(Stored records)

━━━━━━━━━━━━━━━━━━━━━━━━━━━━━━

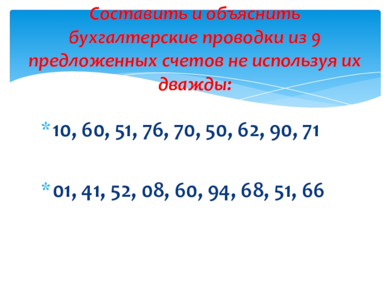 Составить и объяснить бухгалтерские проводки из 9 предложенных счетов не используя их дважды:
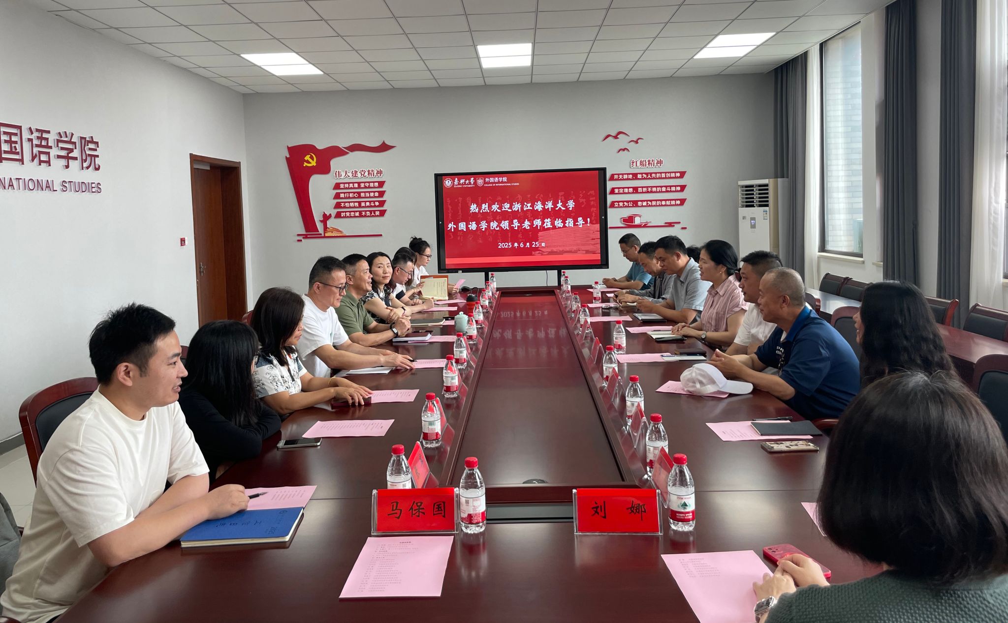 6月25日,浙江海洋大学外国语学院院长钟伟良、党委书记王利明等一行14人来院交流调研。我院院长唐艳芳、副院长邱佳、学术副院长单谊以及系部主任代表等参加交流。
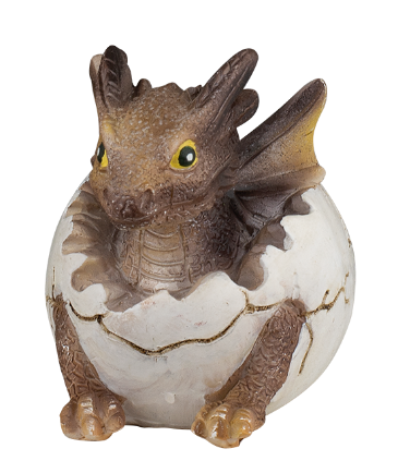 Figura de resina en forma de dragón en un huevo.
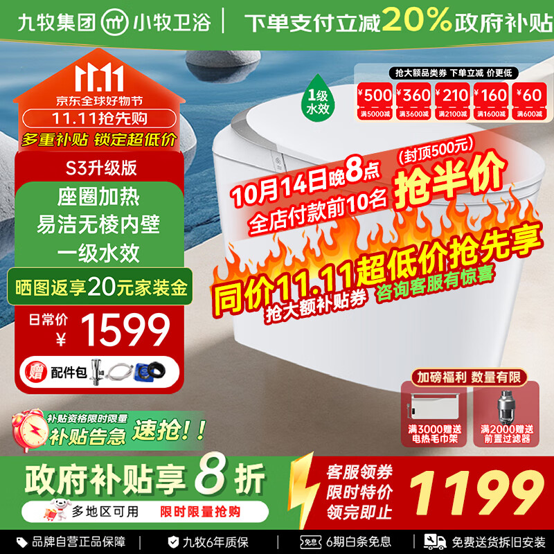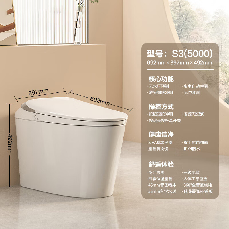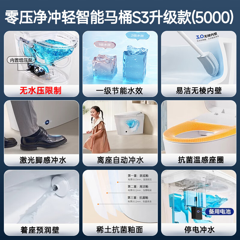 九牧(JOMOO)智能马桶小牧卫浴轻智能除臭抗菌带水箱一体式坐便器 S3升级 无棱内壁+带水箱1级水效 400mm 【390以上选择】
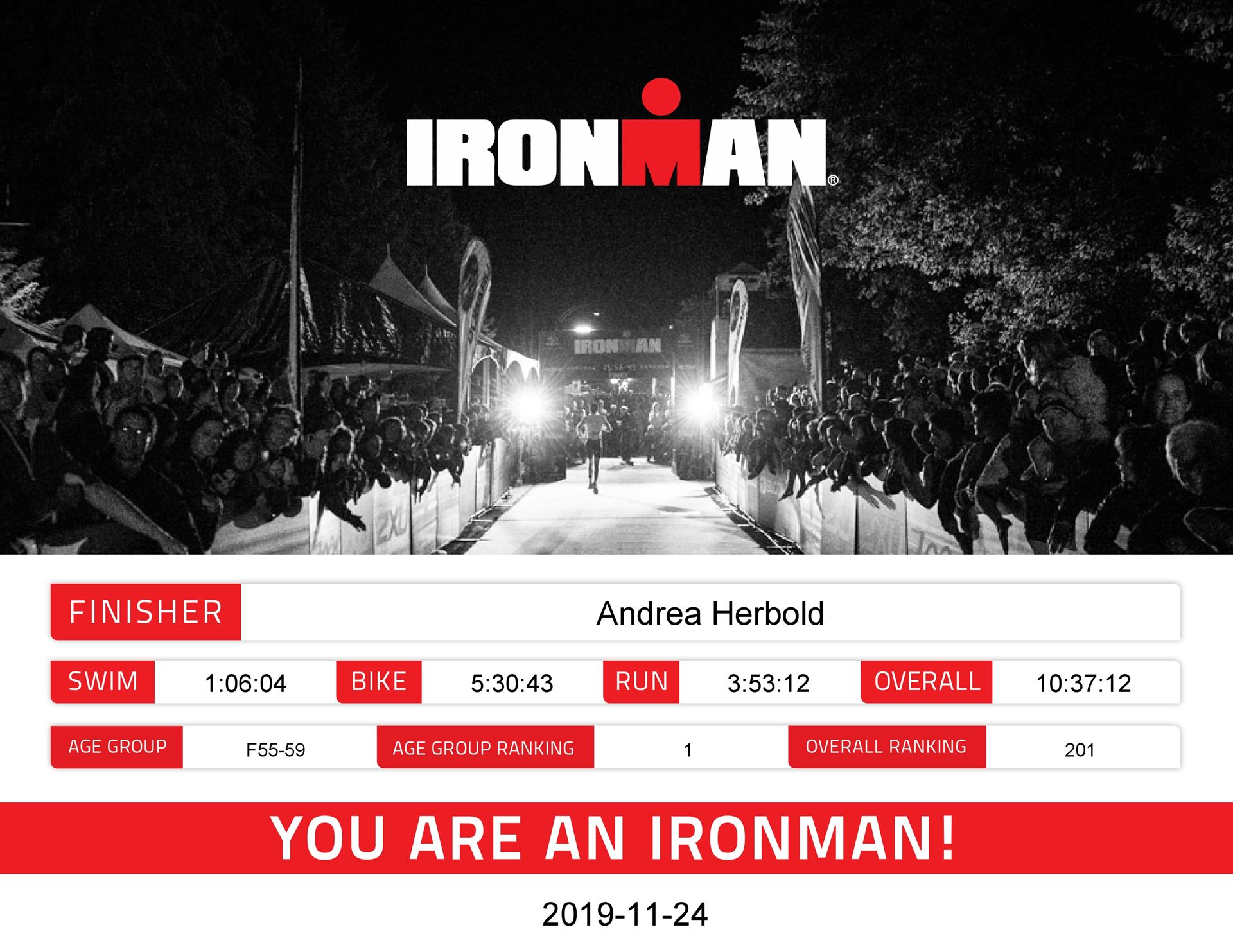 Die 3. Runde läuft ganz gut, sodass ich mit einer Gesamtzeit von 10:37:12 und mit dem 1. Platz in der AK über die Ziellinie laufe.

━━━━━━━━━━━━━━━━━━━━━━━━━━━━━━

- YOUR INSTRUCTIONS -
Skipping any pictures, copy the line that holds "九牧(JOMOO)智能马桶小牧卫浴轻智能除臭抗菌带水箱一体式坐便器 S3升级 无棱内壁+带水箱1级水效" and each line after it through the last line of the records, unchanged, and no other lines.

- RESULT BELOW -
 九牧(JOMOO)智能马桶小牧卫浴轻智能除臭抗菌带水箱一体式坐便器 S3升级 无棱内壁+带水箱1级水效 400mm 【390以上选择】
 Die 3. Runde läuft ganz gut, sodass ich mit einer Gesamtzeit von 10:37:12 und mit dem 1. Platz in der AK über die Ziellinie laufe.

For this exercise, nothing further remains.